Aber die Position von Apple ist grundsätzlich korrekt. Die Frage ist, was für Dateien sind da jetzt verschwunden ? Und wo sind die verschwunden ? Wenn sie auf dem iPhone verschwunden sind, wäre das völlig normal. Wenn sie auf der lokalen Festplatte verschwunden wären, wäre es tatsächlich ein Problem. Das kann ich bei DC. nicht herauslesen.
Genau solche Erfahrungsberichte sind der Grund, warum ich es nie mit Apple Music oder iTunes Match versucht habe. Ich hatte zwar mehrere kostenlose Probeabos, habe aber nie online und lokal zusammengelegt, weil niemand so genau sagen konnte, was passiert. Daher habe ich von jeher für Online-Mucke Spotify und Apple Music für meine lokale Mediathek. Letzteres wird ständig schlechter für den Anwendungszweck, weswegen ich Navidrome (Artikel von heute) recht interessant finde.
Ich habe immer eine vollständige Kopie meiner Mediathek auf einer separaten HD. Allein schon, weil Apple bei manchen Updates einfach so Sachen ändert (zB Bewertungssterne etc).
DC. hat mein vollstes Mitgefühl, ein Horrorszenario !
Interessant. Ich mache das genauso und habe deshalb auch keinerlei Probleme, zum Glück. Denn sowas ist dann schon echt ärgerlich (15 Jahre Datenpflege und dann alles weg).
Was würde denn passieren wenn man den Ordner Musik in macOS schreibgeschützt setzt?
Ich wusste gar nicht das es das noch gibt!

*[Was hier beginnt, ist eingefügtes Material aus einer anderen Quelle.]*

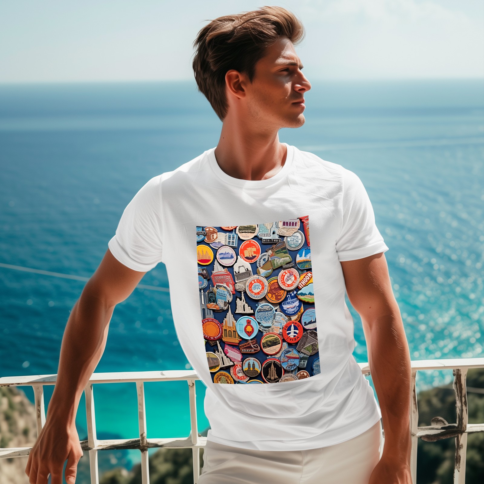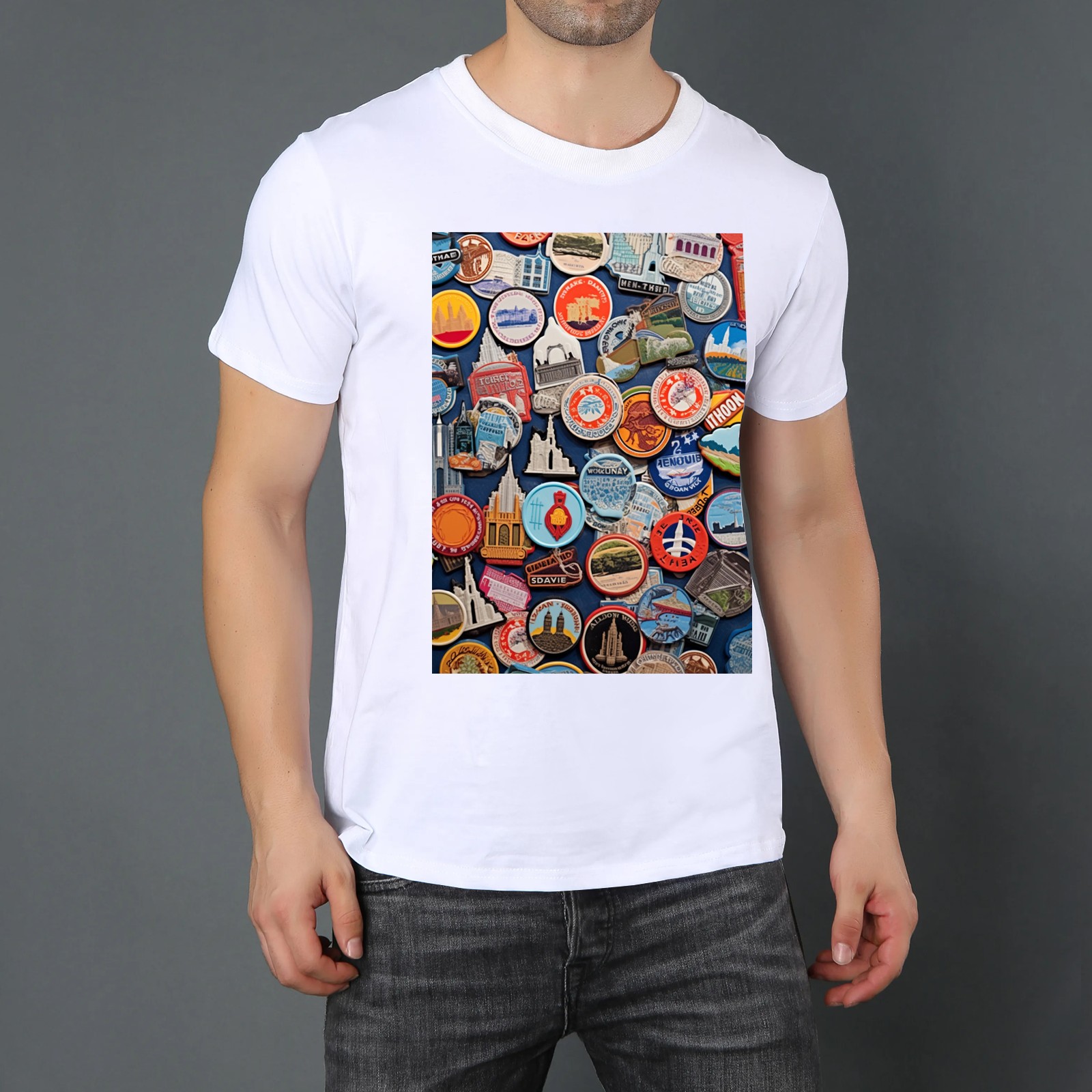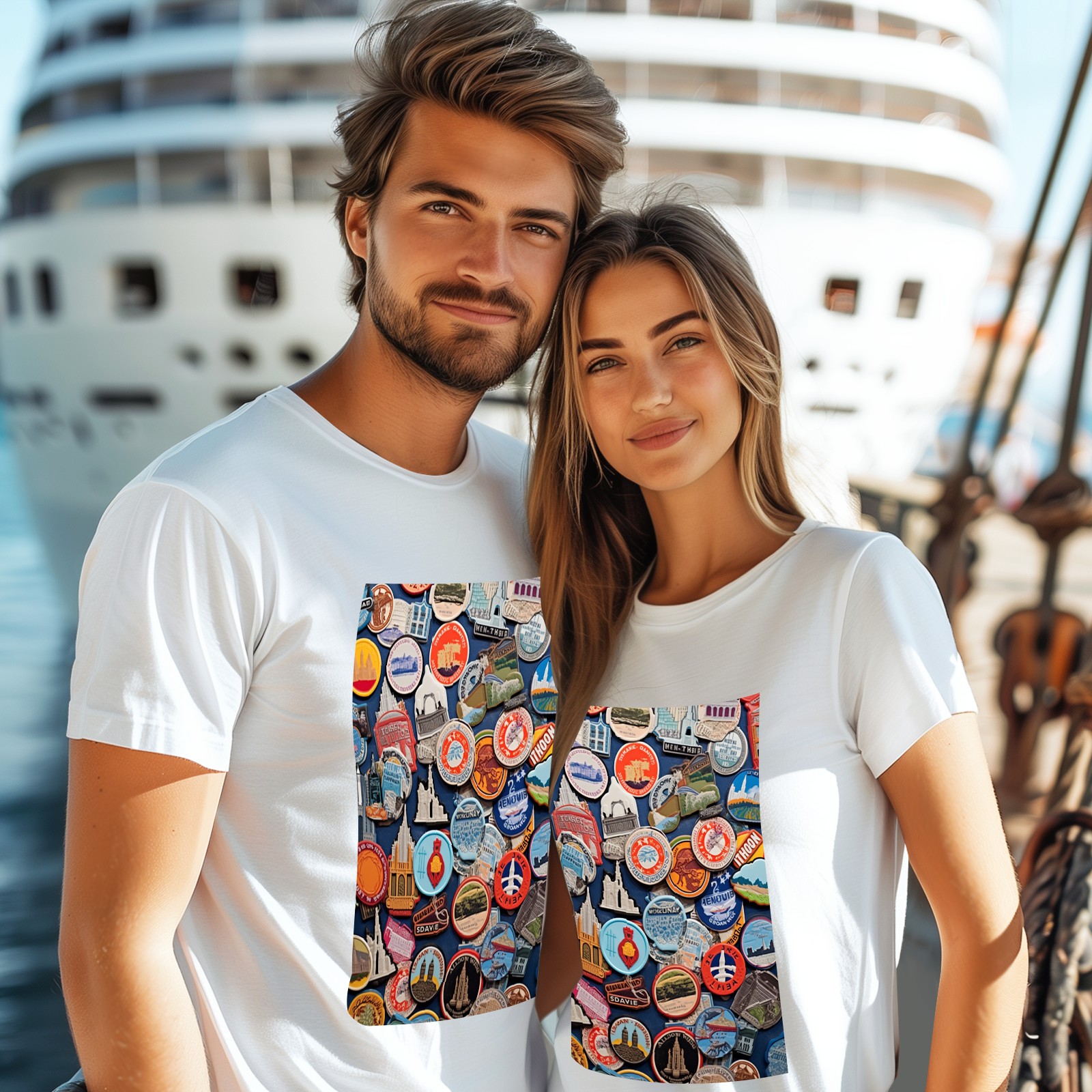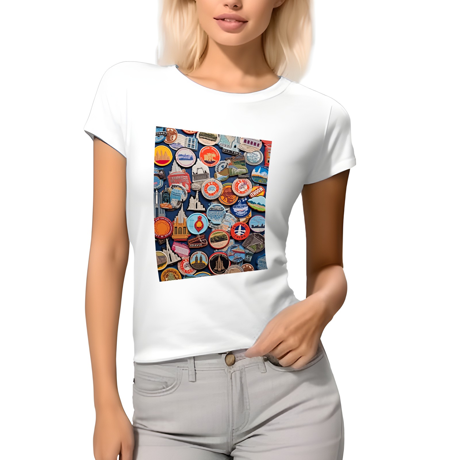 Basic Oversize Tees For WomenColorful Travel Sticker (8) Loose Boyfriend Shirts Casual Blouse round neck
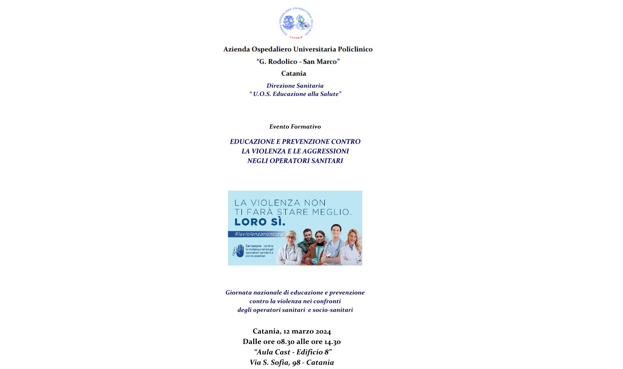 Il seminario "Educazione e Prevenzione contro la violenza e le aggressioni negli operatori sanitari" si svolgerà giorno 12 marzo 2024, nell'Aula Cast dell'Edificio 8 del presidio "G. Rodolico" di via Santa Sofia, in occasione della Giornata nazionale di educazione e prevenzione contro la violenza nei confronti degli operatori sanitari e socio-sanitari. Leggi il programma
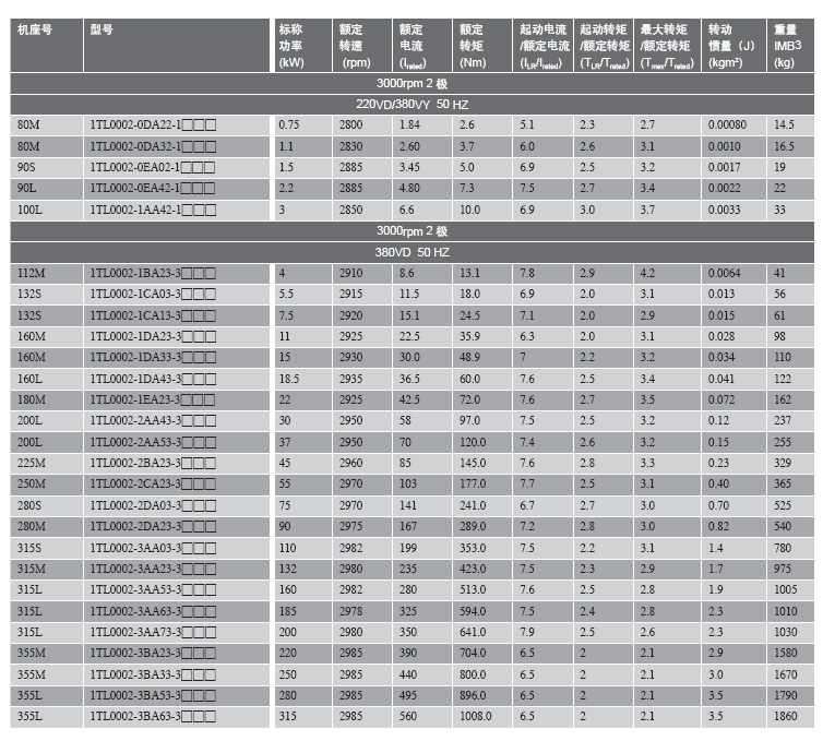 管道離心泵配西門子貝得變頻調(diào)速三相異步電動機選型技術數(shù)據(jù)表
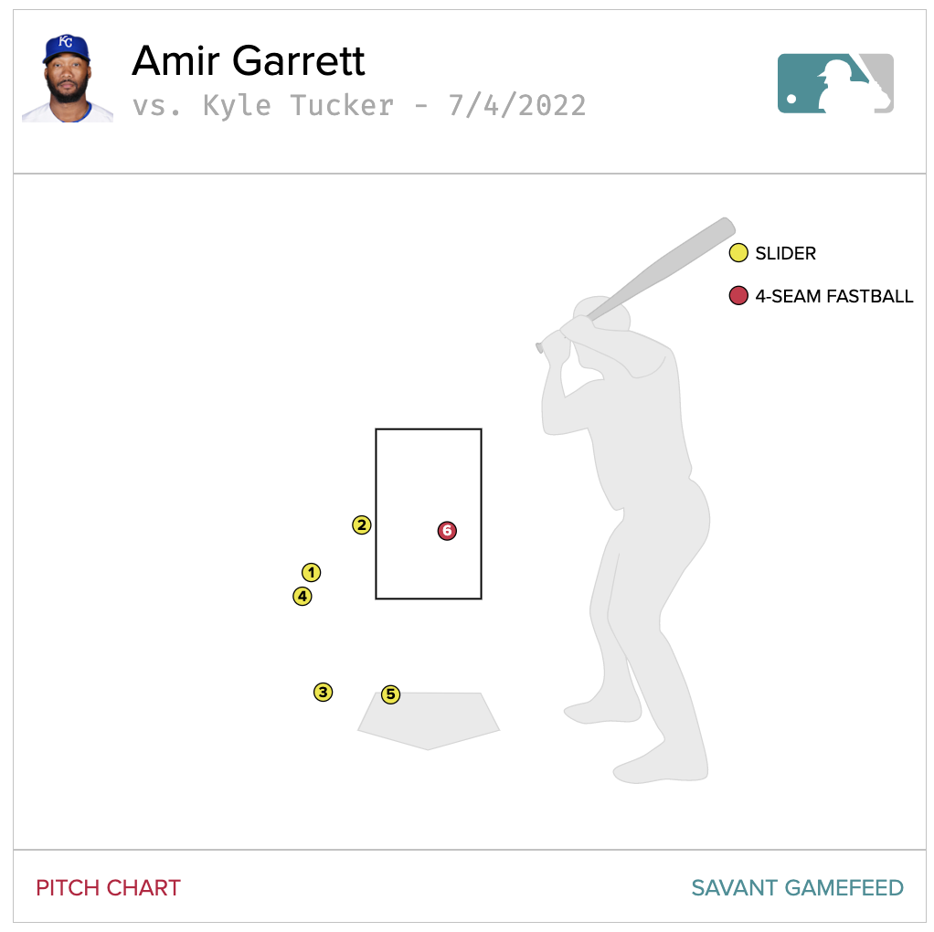 He was everywhere but middle-middle with the four-seam. So while he only got one swing and miss on the four-seamer, he was locating in a space where if the Astros made contact, it wasn’t going to hurt. Indeed, while a couple of those fastballs were hard-hit, they were generally under the pitch and lofting them high in the stratosphere. Take the Jose Altuve encounter in the first. It was 105 MPH off the bat, but with a launch angle of 55 degrees, it had an xBA of just .020. Same with a Kyle Tucker flyout in the second. The only four-seamer that was punished came off the bat of Alex Bregman in the sixth that took Edward Olivares to the wall in right. Heasley, who was allowing a .300 BA and .650 SLG on four-seamers entering Monday’s game didn’t allow a single knock on the pitch. Location, location, location.

Ich fand das damals aber echt gut, so konnte man seine Halbseidene Musik Datenbank legalisieren. Ich hatte aus verschiedensten Quellen alles an Musik rum liegen, teilweise übelste Qualität.
Von Napster, Aufnahmen von RadioMP3 das man über Sat auf GIGA empfangen konnte und mit der dbox auslesen konnte – egal ich schweife ab.
Jedenfalls hat man dann einmal die Titel erkennen lassen, hat seine Schrumpel Versionen lokal gelöscht und alles wieder von Appel herunter geladen – fein in bester Quali und ganz legal.